**Task description**
The material below holds pictures; leave them out and reproduce exactly the lines from the one with "Cheongsam modern gaya" through the one with "C065-6 愛黛兒烤白2.5尺化粧台(含椅)$8900 C067-11", inclusive.

**Extracted records**
-------------------------
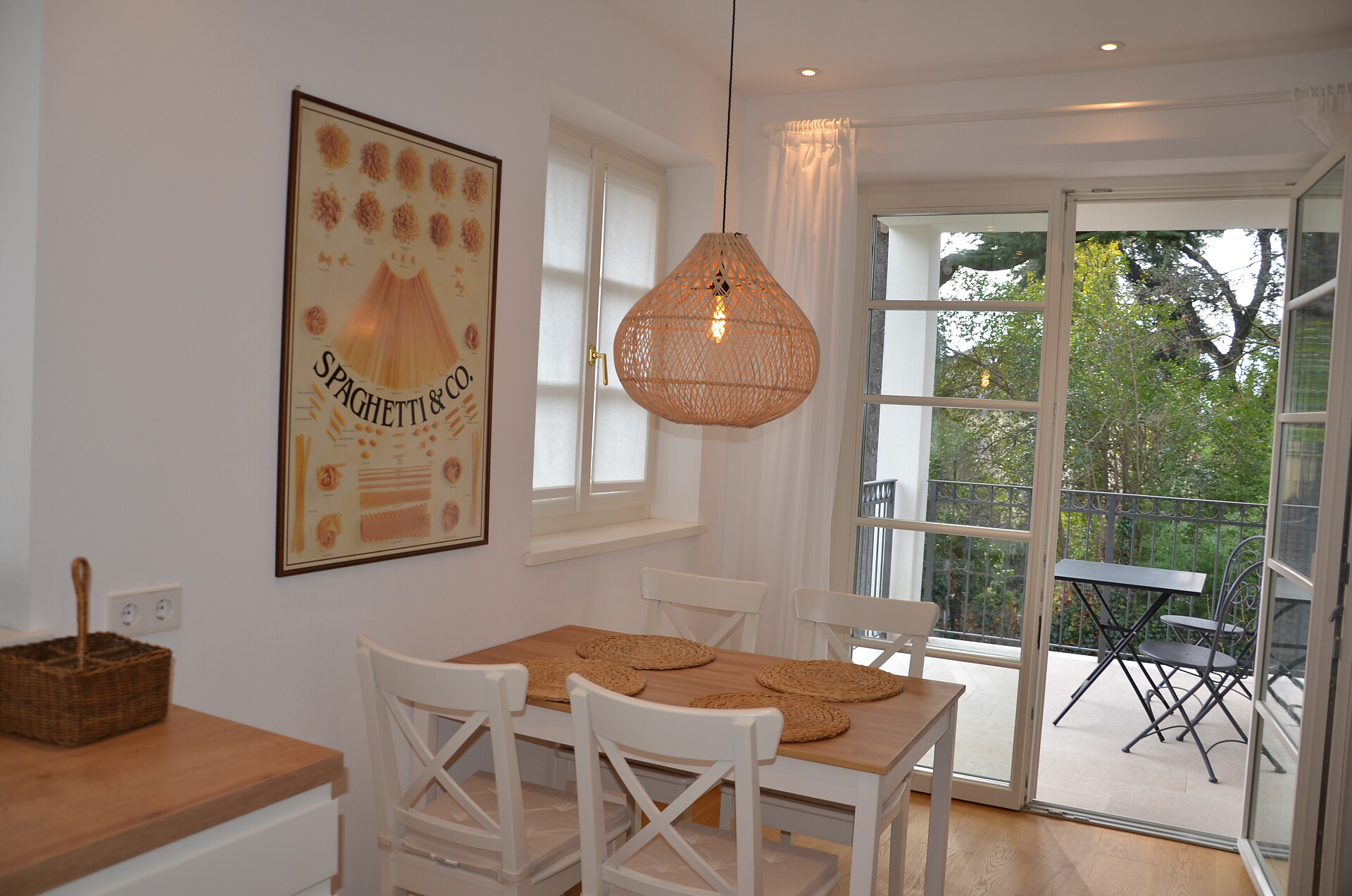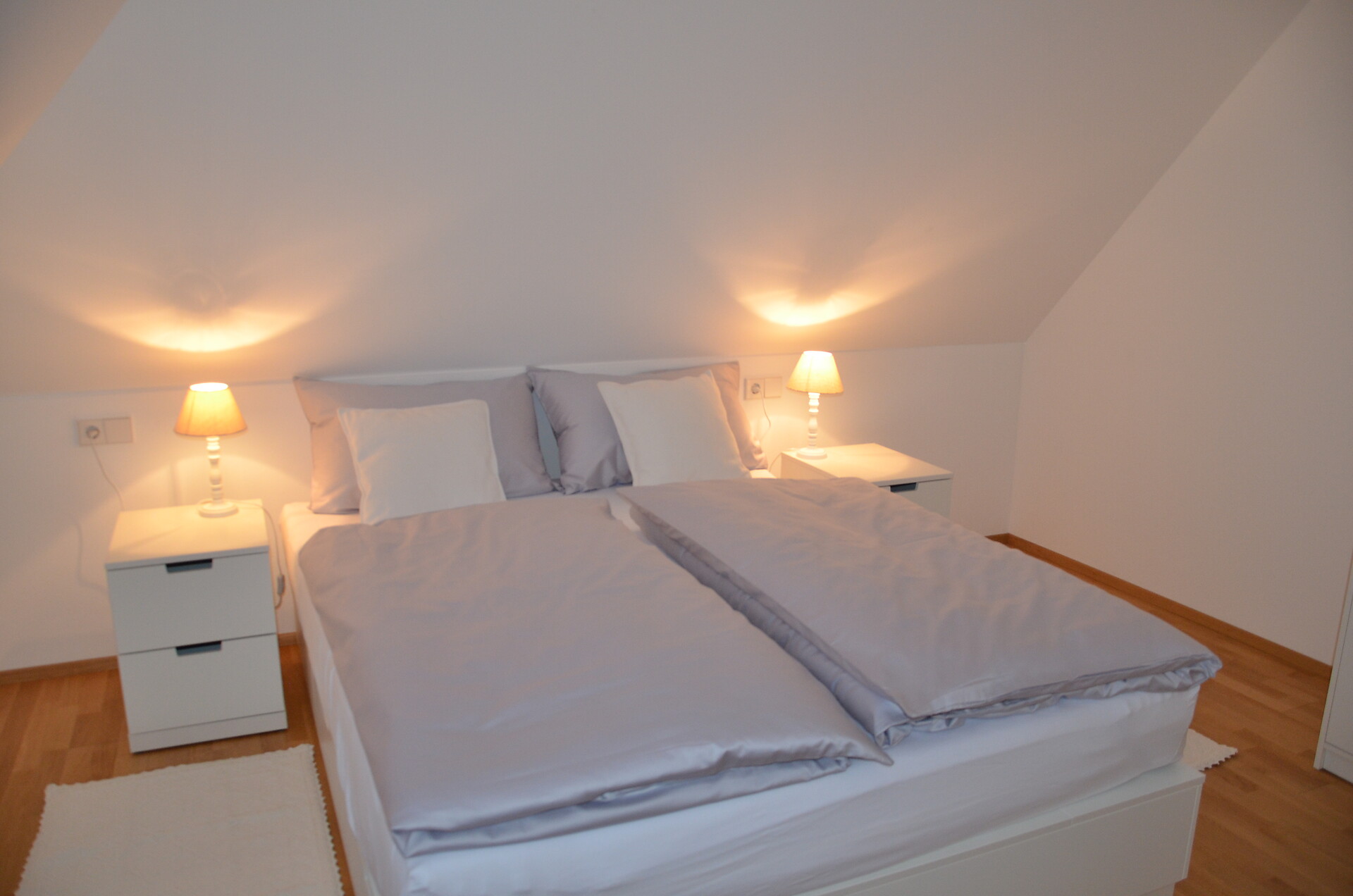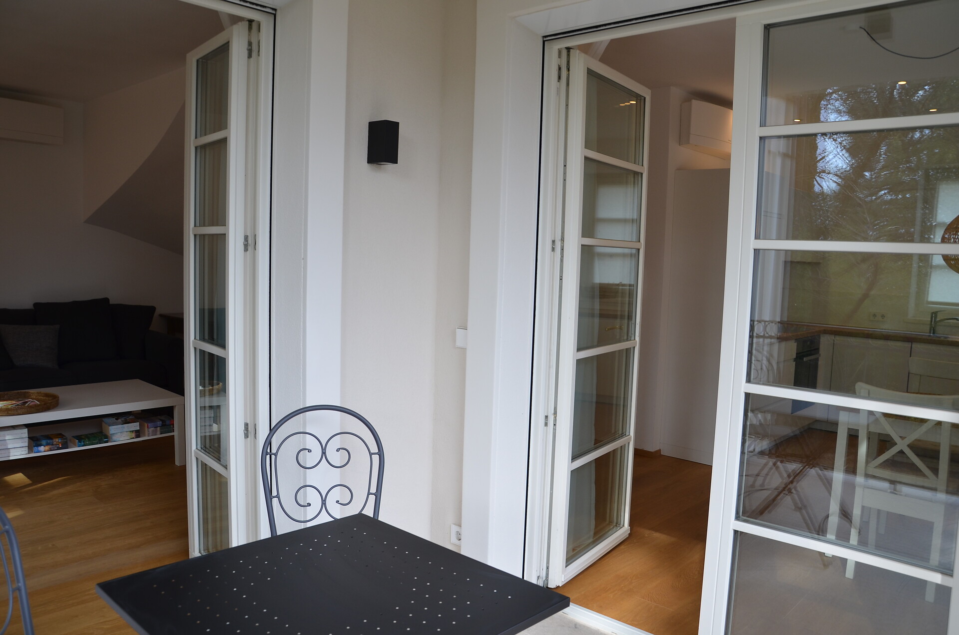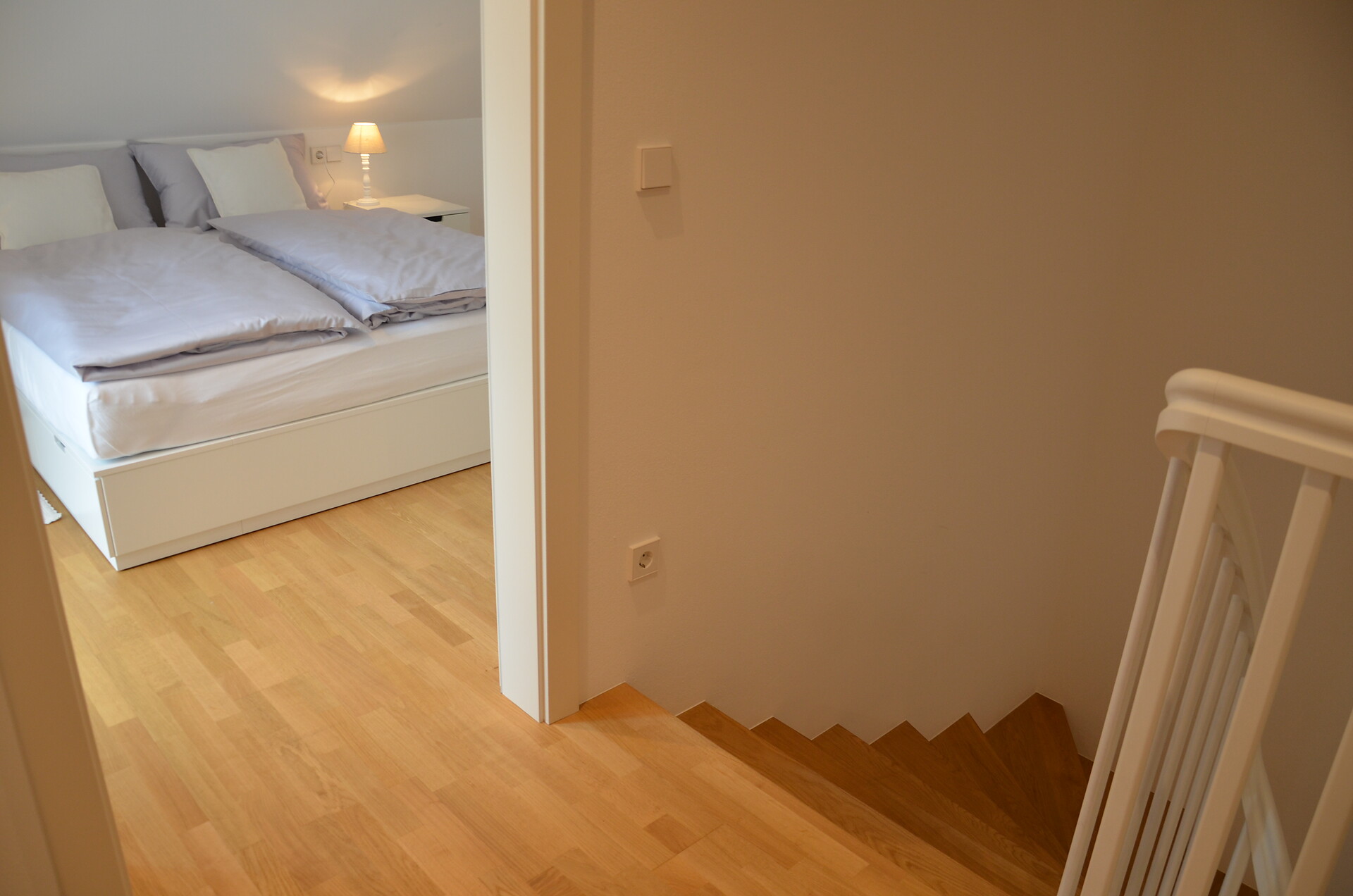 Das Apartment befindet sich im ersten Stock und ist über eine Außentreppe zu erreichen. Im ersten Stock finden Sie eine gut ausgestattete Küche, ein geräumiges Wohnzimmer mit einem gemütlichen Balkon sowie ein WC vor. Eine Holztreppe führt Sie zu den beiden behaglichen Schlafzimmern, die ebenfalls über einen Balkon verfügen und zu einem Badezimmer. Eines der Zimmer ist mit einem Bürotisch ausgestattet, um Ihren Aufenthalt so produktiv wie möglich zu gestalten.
-------------------------
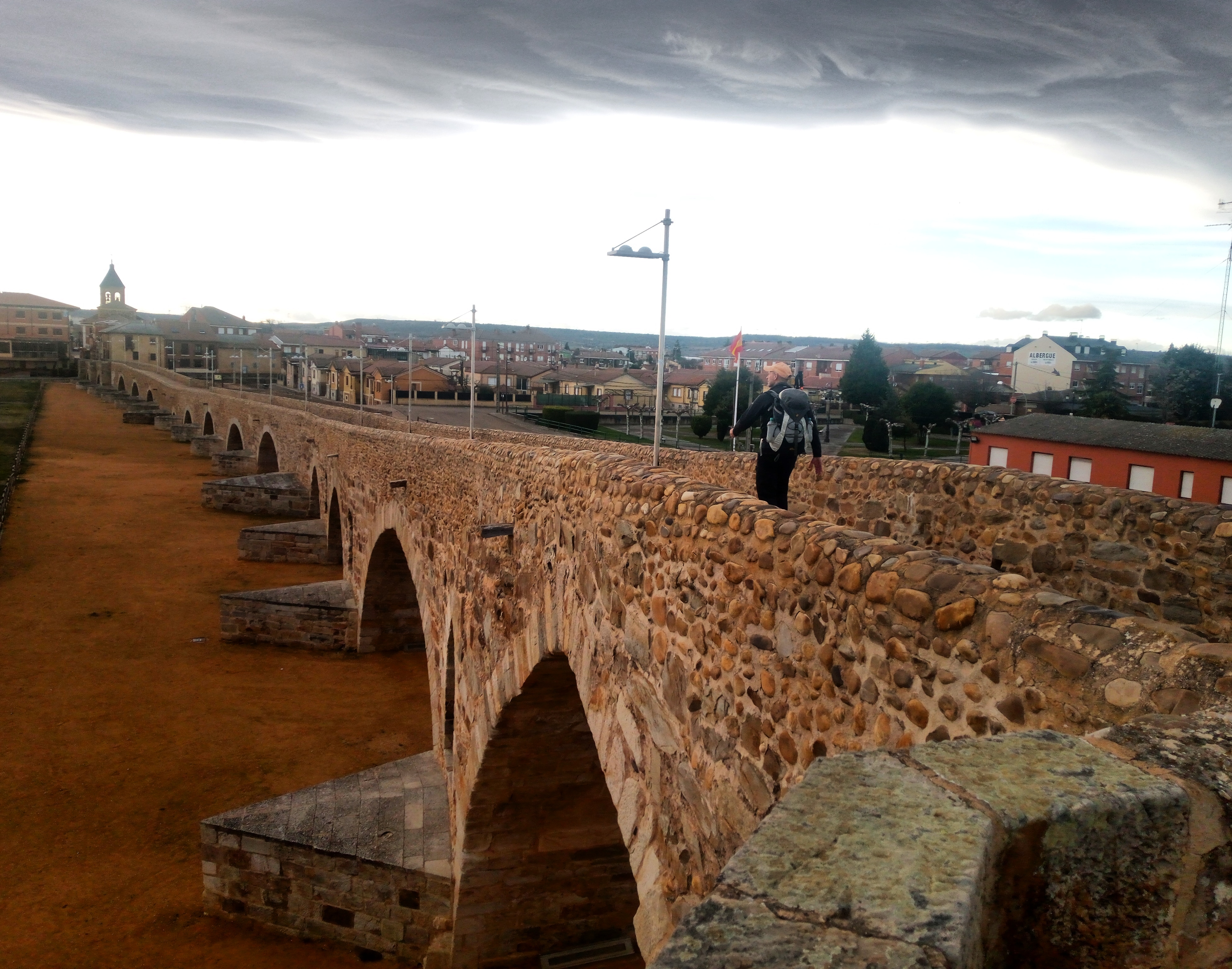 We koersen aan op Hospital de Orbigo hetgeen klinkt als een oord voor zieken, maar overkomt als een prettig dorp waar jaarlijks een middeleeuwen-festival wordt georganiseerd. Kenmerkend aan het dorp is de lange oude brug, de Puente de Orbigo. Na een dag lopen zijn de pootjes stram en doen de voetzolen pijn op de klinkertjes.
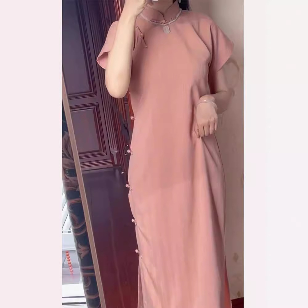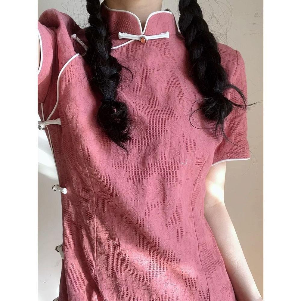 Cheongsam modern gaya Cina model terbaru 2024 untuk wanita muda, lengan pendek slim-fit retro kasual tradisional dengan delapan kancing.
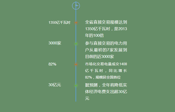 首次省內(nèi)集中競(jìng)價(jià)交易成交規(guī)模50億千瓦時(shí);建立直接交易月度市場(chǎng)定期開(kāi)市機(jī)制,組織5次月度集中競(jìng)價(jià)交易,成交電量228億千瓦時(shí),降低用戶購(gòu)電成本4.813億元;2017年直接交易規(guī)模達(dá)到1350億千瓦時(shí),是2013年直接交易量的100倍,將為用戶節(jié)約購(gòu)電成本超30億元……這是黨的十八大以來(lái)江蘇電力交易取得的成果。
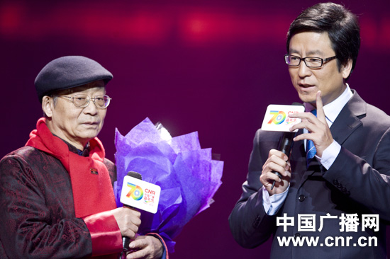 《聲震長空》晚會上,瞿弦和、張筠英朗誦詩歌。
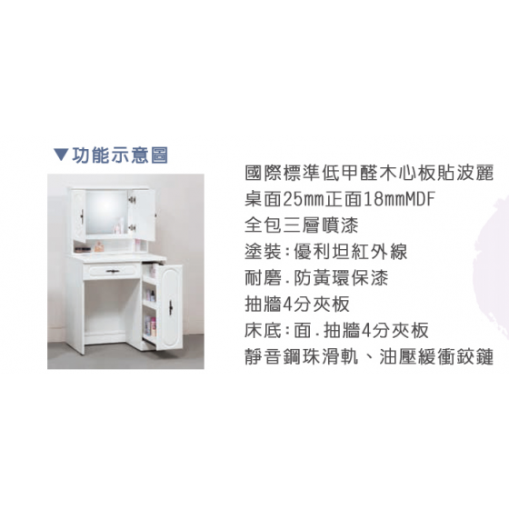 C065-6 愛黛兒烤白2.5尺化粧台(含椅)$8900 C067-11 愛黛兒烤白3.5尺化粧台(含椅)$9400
-------------------------
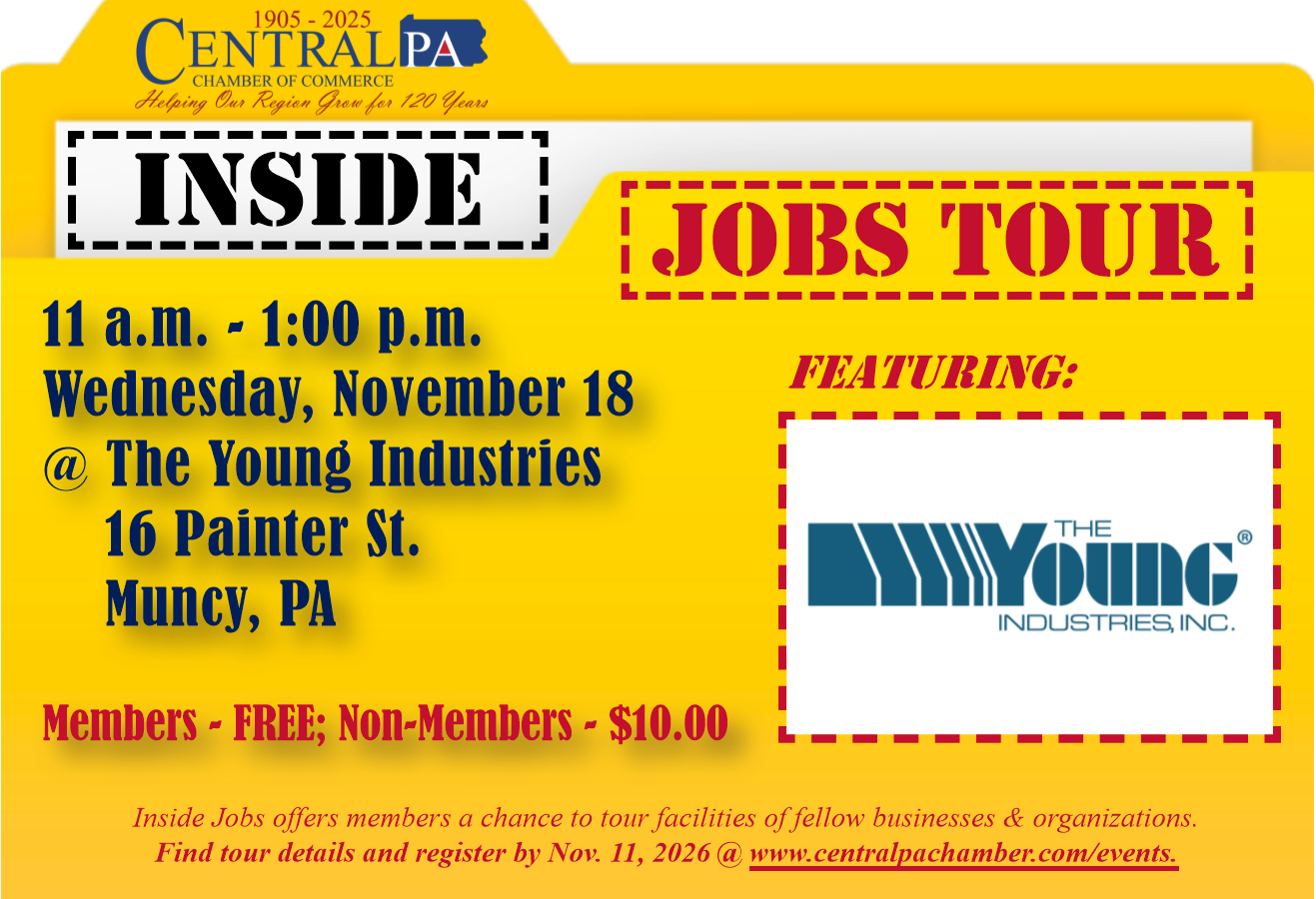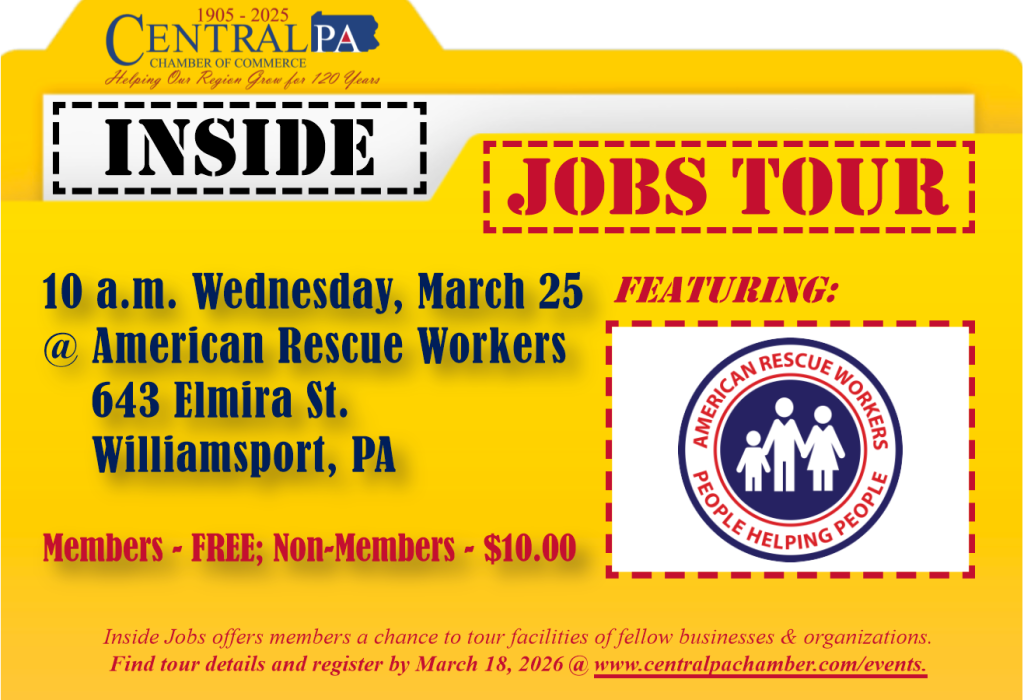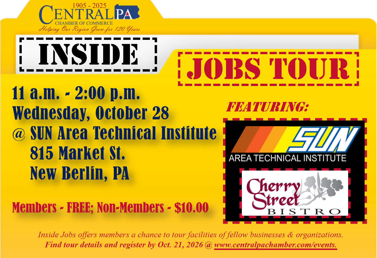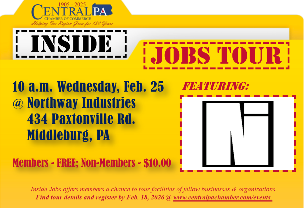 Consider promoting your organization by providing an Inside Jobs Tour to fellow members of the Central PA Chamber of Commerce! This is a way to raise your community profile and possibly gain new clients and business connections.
-------------------------
**Answer to the problem**
 Cheongsam modern gaya Cina model terbaru 2024 untuk wanita muda, lengan pendek slim-fit retro kasual tradisional dengan delapan kancing.
 首次省內(nèi)集中競(jìng)價(jià)交易成交規(guī)模50億千瓦時(shí);建立直接交易月度市場(chǎng)定期開(kāi)市機(jī)制,組織5次月度集中競(jìng)價(jià)交易,成交電量228億千瓦時(shí),降低用戶購(gòu)電成本4.813億元;2017年直接交易規(guī)模達(dá)到1350億千瓦時(shí),是2013年直接交易量的100倍,將為用戶節(jié)約購(gòu)電成本超30億元……這是黨的十八大以來(lái)江蘇電力交易取得的成果。
 《聲震長空》晚會上,瞿弦和、張筠英朗誦詩歌。
 C065-6 愛黛兒烤白2.5尺化粧台(含椅)$8900 C067-11 愛黛兒烤白3.5尺化粧台(含椅)$9400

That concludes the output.